Print the data below exactly, but only the lines from the one containing "Maeve Grecia Ruffle" down to the one containing "- Brighten up", inclusive.

Excerpted records -
···

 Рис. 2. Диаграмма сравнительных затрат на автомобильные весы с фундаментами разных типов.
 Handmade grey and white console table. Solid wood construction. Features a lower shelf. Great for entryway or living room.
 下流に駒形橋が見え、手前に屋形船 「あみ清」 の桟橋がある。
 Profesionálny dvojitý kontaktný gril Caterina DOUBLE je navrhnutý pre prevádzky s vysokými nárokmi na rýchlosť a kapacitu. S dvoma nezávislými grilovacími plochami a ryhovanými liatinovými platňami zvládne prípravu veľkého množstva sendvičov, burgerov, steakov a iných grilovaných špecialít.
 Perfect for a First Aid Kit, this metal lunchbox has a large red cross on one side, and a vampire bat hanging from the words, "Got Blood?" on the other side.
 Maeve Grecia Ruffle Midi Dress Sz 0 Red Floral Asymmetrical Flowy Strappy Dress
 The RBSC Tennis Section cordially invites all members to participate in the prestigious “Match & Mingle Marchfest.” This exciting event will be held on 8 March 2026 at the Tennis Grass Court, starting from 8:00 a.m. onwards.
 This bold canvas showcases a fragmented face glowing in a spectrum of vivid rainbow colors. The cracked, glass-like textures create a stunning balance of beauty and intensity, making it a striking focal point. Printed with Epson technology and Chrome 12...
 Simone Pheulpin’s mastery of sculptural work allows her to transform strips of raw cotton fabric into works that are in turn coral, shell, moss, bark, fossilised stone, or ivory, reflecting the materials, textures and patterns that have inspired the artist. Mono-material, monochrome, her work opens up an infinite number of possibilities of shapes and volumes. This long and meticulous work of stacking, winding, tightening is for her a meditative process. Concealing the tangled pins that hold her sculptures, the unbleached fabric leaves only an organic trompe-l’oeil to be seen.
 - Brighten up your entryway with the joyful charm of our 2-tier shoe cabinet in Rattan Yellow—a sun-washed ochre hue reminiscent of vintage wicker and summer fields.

···

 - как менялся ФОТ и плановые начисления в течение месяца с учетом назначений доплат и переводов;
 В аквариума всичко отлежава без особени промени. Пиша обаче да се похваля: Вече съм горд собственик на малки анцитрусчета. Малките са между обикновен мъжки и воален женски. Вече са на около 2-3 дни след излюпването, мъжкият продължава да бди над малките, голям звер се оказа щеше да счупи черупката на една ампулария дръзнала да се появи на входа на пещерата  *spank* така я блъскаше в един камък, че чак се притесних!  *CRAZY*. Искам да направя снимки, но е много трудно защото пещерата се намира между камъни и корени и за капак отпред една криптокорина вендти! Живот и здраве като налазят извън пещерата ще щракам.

···

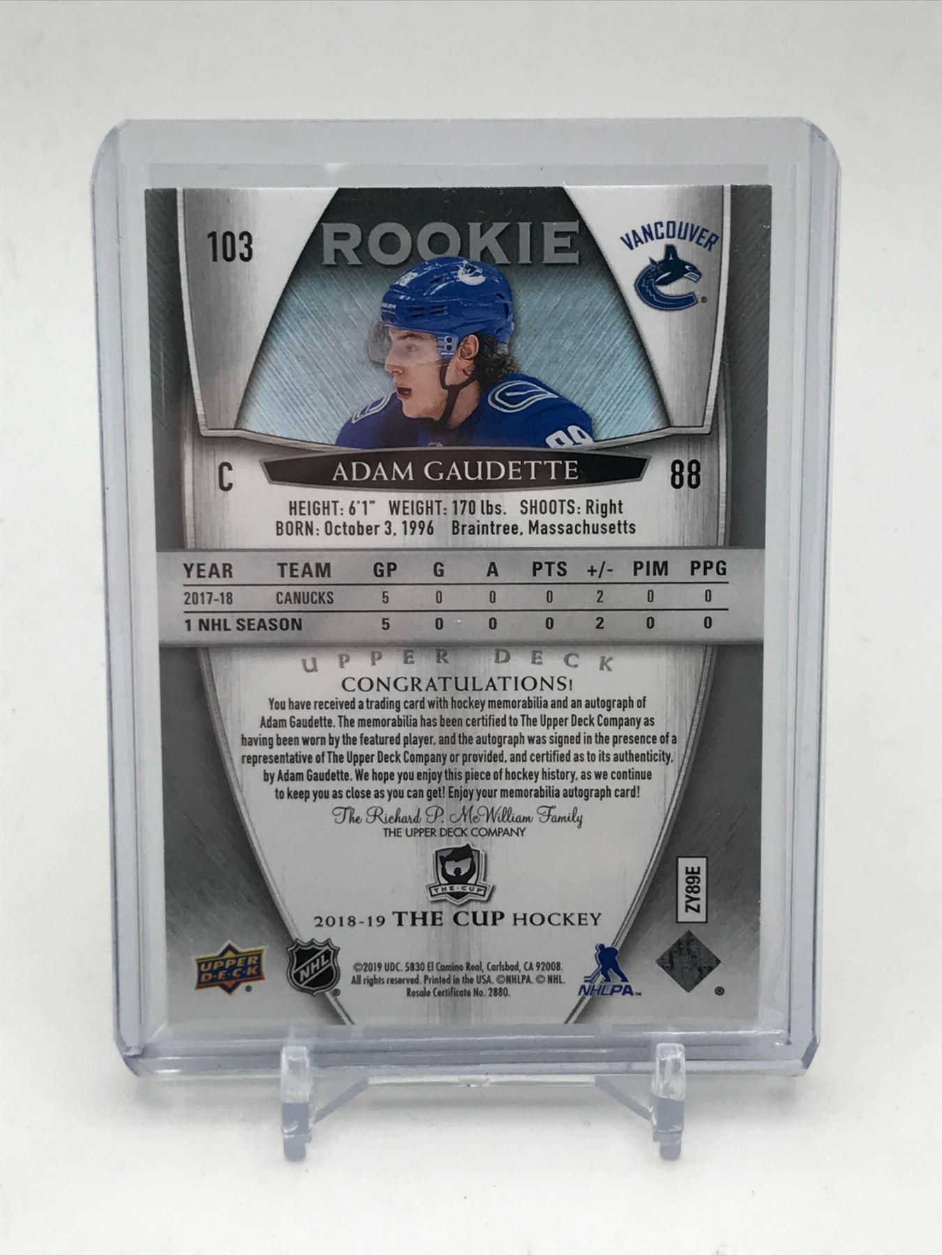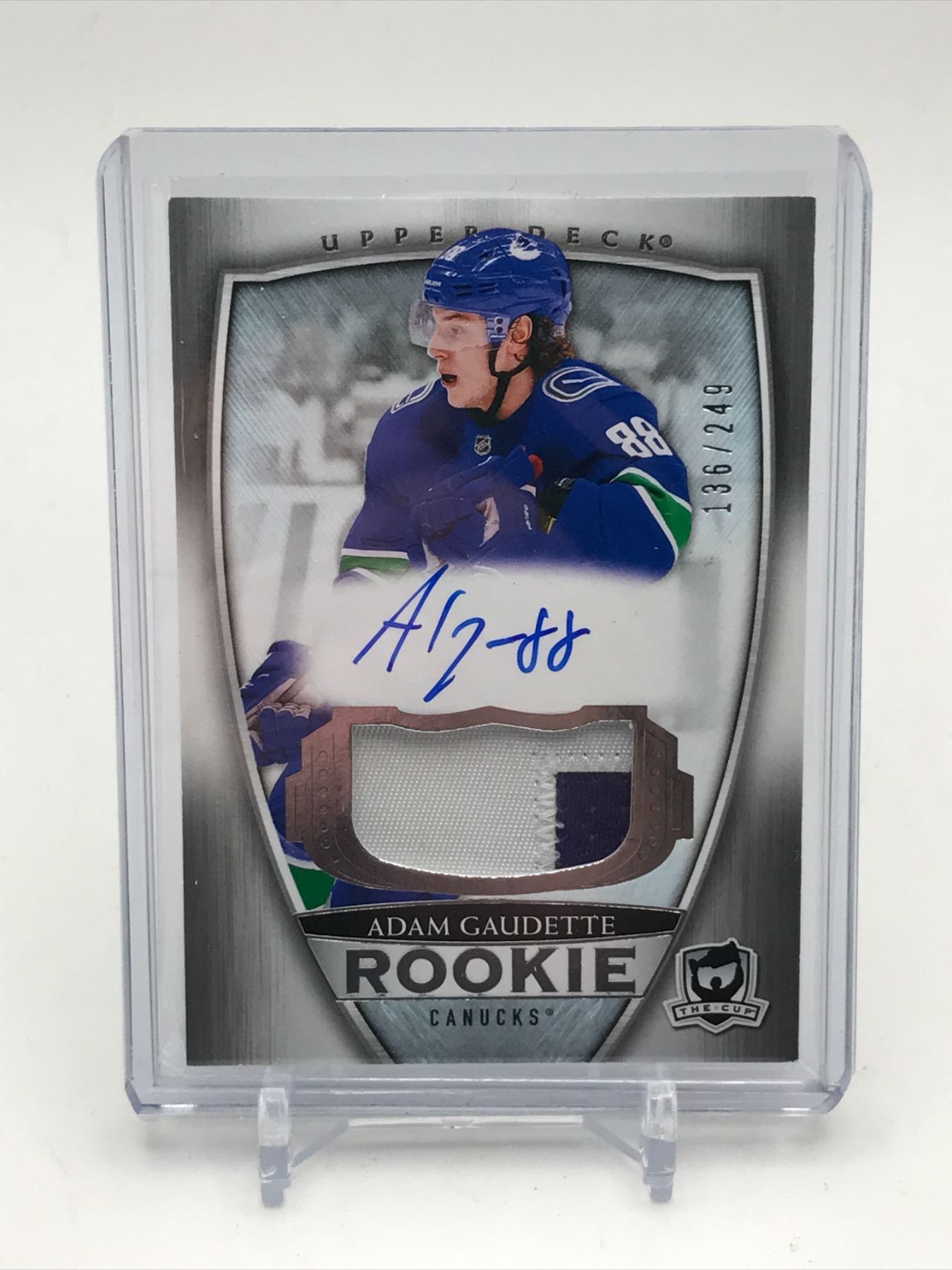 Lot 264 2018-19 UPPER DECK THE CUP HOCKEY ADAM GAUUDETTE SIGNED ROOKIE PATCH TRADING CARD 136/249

···

Answer box -
 Maeve Grecia Ruffle Midi Dress Sz 0 Red Floral Asymmetrical Flowy Strappy Dress
 The RBSC Tennis Section cordially invites all members to participate in the prestigious “Match & Mingle Marchfest.” This exciting event will be held on 8 March 2026 at the Tennis Grass Court, starting from 8:00 a.m. onwards.
 This bold canvas showcases a fragmented face glowing in a spectrum of vivid rainbow colors. The cracked, glass-like textures create a stunning balance of beauty and intensity, making it a striking focal point. Printed with Epson technology and Chrome 12...
 Simone Pheulpin’s mastery of sculptural work allows her to transform strips of raw cotton fabric into works that are in turn coral, shell, moss, bark, fossilised stone, or ivory, reflecting the materials, textures and patterns that have inspired the artist. Mono-material, monochrome, her work opens up an infinite number of possibilities of shapes and volumes. This long and meticulous work of stacking, winding, tightening is for her a meditative process. Concealing the tangled pins that hold her sculptures, the unbleached fabric leaves only an organic trompe-l’oeil to be seen.
 - Brighten up your entryway with the joyful charm of our 2-tier shoe cabinet in Rattan Yellow—a sun-washed ochre hue reminiscent of vintage wicker and summer fields.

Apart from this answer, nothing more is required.